На следующий день Ферко должен был держать экзамен на тракториста. По этому случаю он разоделся во все «городское», то есть натянул брюки и выпросил у дядюшки Бицо его кожаную фуражку: чтобы у экзаменаторов даже и мысли не мелькнуло, что кандидат в трактористы — всего-навсего выездной кучер. Агроном улыбнулся, а Помози, тот прямо оторопел от изумления при виде эдакого шика.
— Ни дать, ни взять, старший механик, — заметил он. — Когда придет мой черед экзаменоваться, то попрошу я у вас, дядя Ферко, всю эту амуницию…

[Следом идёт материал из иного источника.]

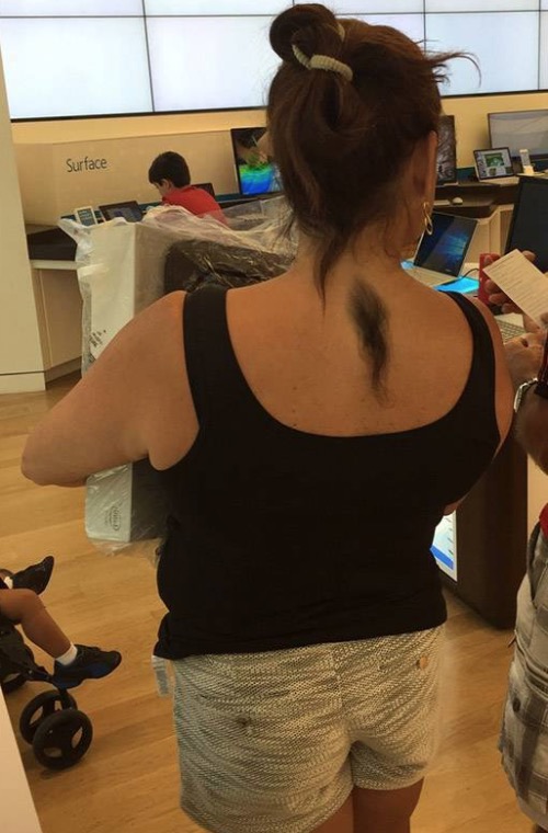 I don't know how she is hair growing out of her back like that. It looks like her back is growing a mullet. Maybe she is part wooly mammoth? Gross!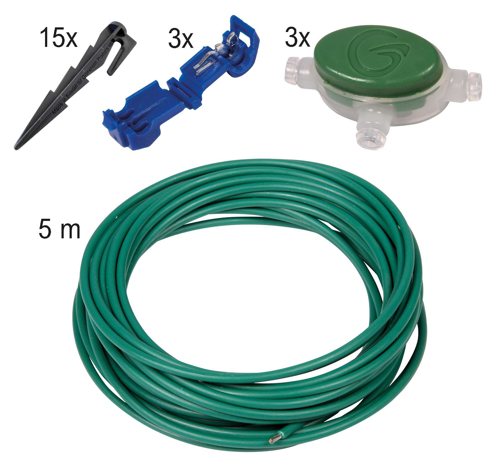 Das Reparaturset Rasenroboter Begrenzungskabel!Für den Fall, dass der Mähroboter Begrenzungsdraht versehentlich durchtrennt wurde, oder es muss aus anderen Gründen repariert werden.Das Set enthält fünf Meter verzinntes Premium-Kabel, 15 Rasennägel, 3 Anschlüsse für die Ladestation und 3 Kabelverbinder-> ein Set mit allen Teilen, die für die Reparatur erforderlich sind.Das Paket beinhaltet:5 m Premium-Begrenzungsdraht15 Kabelpfähle3 Spleiße3 Ladestationsanschlüsse

Однако благодушное настроение у Помози продержалось недолго: неожиданно сзади взревела автомашина, Ветерок понес, и повозка едва не опрокинулась в канаву.
— Вот те и готов экзамен! — крякнул с досадой Ферко. — Ведь тысячу раз я тебе твердил, что Ветерка надо держать в узде…

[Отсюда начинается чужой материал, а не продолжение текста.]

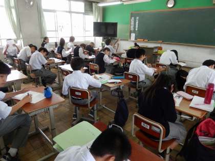 写真は朝7時50分頃に教室で自主学習する1年生と

— Шофер, скотина, должен бы посигналить сначала!
— Оба вы правы, — и агроном положил конец спору, — а сейчас, Ферко, на уме у тебя должно быть только одно: что такое диффузор и рабочий ход, какова мощность трактора и какие фазы у двигателя… Ну и тому подобное. А на машине ветеринар был из соседнего хозяйства, при случае я выложу ему все, что о нем думаю.
Ну, а главным событием дня было то, что Ферко успешно сдал экзамен на тракториста и даже удостоился похвалы, что и было удостоверено письменным документом, а Ветерок на следующее же утро получил возможность почувствовать, что повод вернулся в прежние руки.
Старый Бицо на этот раз лишь чуть улыбнулся, когда агроном привез и нему Йошку.
— Вот вам еще один ученик, дядя Бицо!
— Сколько ж их там?
— Обещаю, больше не будет…
Ху давно слышит, как человек расхаживает по двору, как он кличет собаку, но всем своим видом показывает, будто приход гостей разбудил его и что побеспокоили его совсем некстати. Он топорщит перья и грозно щелкает клювом.
— Когда же, наконец, мне дадут выспаться?
— Полно тебе сердиться, — и Ферко бросает филину ворон, — ты уже сутки не ел, и думаю, мясо этих разбойников придется тебе по вкусу. Я выбрал каких помоложе.
Мацко остановился у проволочной сетки и дружелюбно колотит хвостом.
— Сам убедишься, Ху, — означает это виляние в переводе со звериного, — человек заботится о тебе.
— Пустите меня на волю, — вновь щелкает клювом филин, — и я сам выберу добычу по вкусу!
— Сейчас тебе принесу и водички, — говорит заботливый Ферко, приметив, что Ху, купаясь, расплескал всю воду из цементного корытца. — Стоять здесь, Мацко!
И Мацко ждет, настолько-то он понимает: если человек говорит «стоять», значит, нельзя бежать вскачь за ним. Пес стоит у проволочной дверцы и знай себе почесывается.
— Там, в конюшне, целая гора этих крикливых птиц.
— Мы охотились, — надувается важностью Ху. — Правда, это не та охота, какую мы любим, но все же охота; очень многие из вороньего племени напали на меня, а человек из куста бил их грохочущей палкой.
— Человек умеет охотиться даже издалека, — почесывается Мацко. — Как-то в одного моего приятеля вошло бешенство, а человек только издали показал на него какой-то палкой, один раз громыхнул ею, и собаке пришел конец.
— Верю, верю, — захлопал глазищами Ху, — потому что сам видел… Человек просунул эту палку в просвет куста, и вороны так и попадали, пришел им конец. Точно так же человек поступил и с ястребом, и даже убил орла, а ведь орел в два раза крупнее меня…
Тут вернулся с ведерком Ферко и наполнил водой корытце.
— Вот тебе вода! — рассуждал вслух конюх. — Хочешь купайся, а хочешь пей. Чего же тебе еще не хватает?
Ферко осмотрелся по сторонам и, убедившись, что у филина есть теперь все необходимое, повернул к дому, — конечно же, в сопровождении Мацко, который считал своим долгом проводить Ферко до двери. Но только до двери, и ни шагу дальше. На прощание пес радушно махнул хвостом, а Ферко почесал ему за ухом.